Se non ci ammazza i crucchi,
se non ci ammazza i bricchi, quando saremo vecchi ne avrem da raccontar, quando saremo vecchi ne avrem da raccontar.
La mia mamma mi diceva: "Non andare sulle montagne, mangerai sol polenta e castagne, ti verrà l'acidità, mangerai sol polenta e castagne, ti verrà l'acidità".
La mia morosa mi diceva: "Non andare con i ribelli; non avrai più i miei lunghi capelli sul cuscino a riposar, non avrai più i miei lunghi capelli sul cuscino a riposar".
Se non ci ammazza i crucchi, ecc.
Questa notte mi sono insognato che ero sceso giù in città, c'era mia mamma vestita di rosso che ballava col mio papà, c'era mia mamma vestita di rosso che ballava col mio papà.

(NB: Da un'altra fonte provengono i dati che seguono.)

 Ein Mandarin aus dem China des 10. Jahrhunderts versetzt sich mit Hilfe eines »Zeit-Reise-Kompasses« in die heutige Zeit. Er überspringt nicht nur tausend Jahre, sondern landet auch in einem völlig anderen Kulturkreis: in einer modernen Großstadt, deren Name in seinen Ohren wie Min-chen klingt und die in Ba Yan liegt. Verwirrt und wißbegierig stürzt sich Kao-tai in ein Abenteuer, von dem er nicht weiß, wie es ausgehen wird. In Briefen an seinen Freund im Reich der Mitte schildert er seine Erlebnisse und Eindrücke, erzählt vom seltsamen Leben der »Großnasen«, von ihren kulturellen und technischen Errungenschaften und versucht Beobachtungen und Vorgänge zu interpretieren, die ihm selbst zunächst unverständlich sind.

C'era i tedeschi buttati in ginocchio che chiamavano pietà,
C'era i tedeschi buttati in ginocchio che chiamavano pietà.
C'era i fascisti vestiti da prete che scappavan di qua e di là, C'era i fascisti vestiti da prete che chiamavano pietà.

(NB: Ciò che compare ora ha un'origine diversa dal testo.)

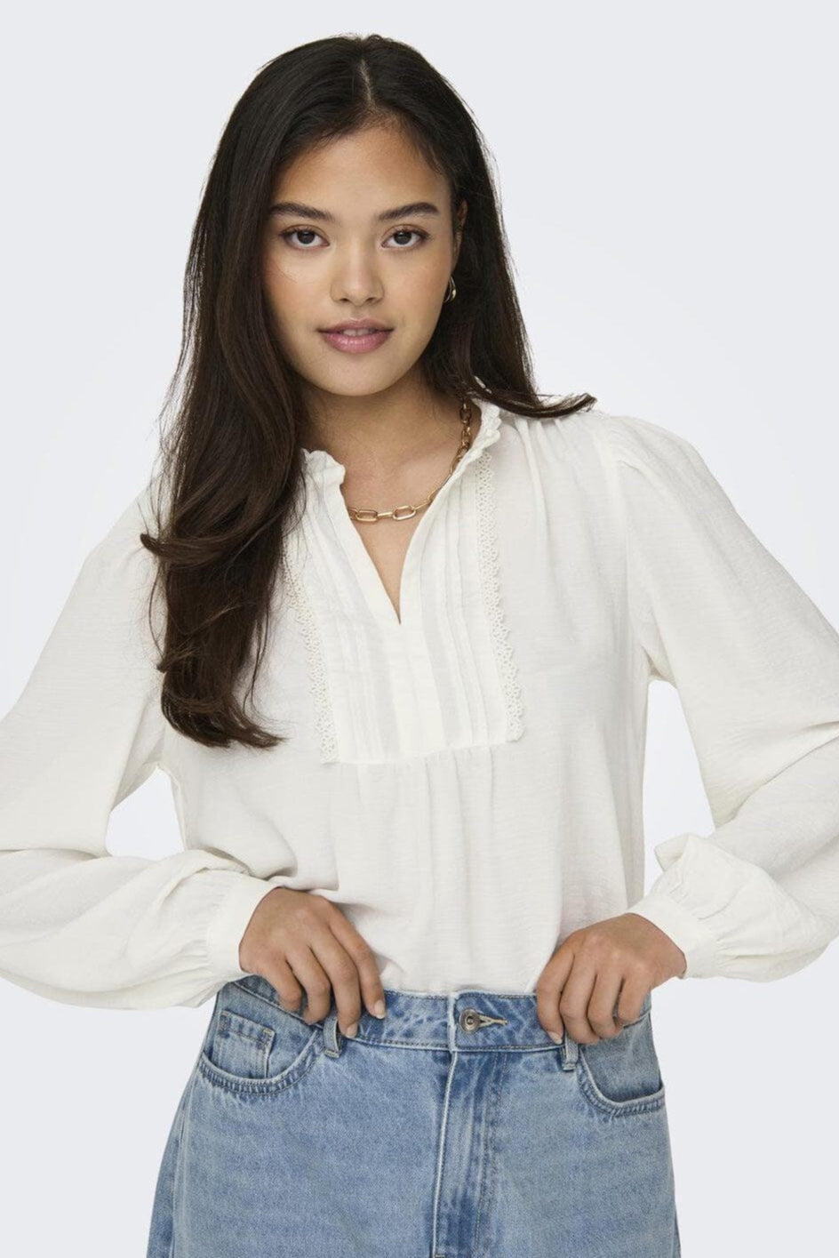 JDY Jdyrachel Life L/S Pintuck Top Kleur: 4505028 Cloud Dancer

Se non ci ammazza i crucchi, ecc.
Tratto da “Se non ci ammazzan i crucchi”. Editoriale: “Davvero notevole questo testo, in cui si descrivono in chiave scherzosa e dissacrante le privazioni a cui erano sottoposti i combattenti. È stato raccolto dal premio Nobel Dario Fo dalla viva voce di un partigiano di Porto Val Travaglia (VA). L'informatore faceva parte della banda del colonnello Carlo Croce operante nella zona di Varese, che fu decimata durante la battaglia di San Martino del 12-15 novembre 1943. È bene ricordare che per "crucchi" si intendono i tedeschi, i "bricchi" sono le rocce, infine il "vento di marenca" è il maestrale”.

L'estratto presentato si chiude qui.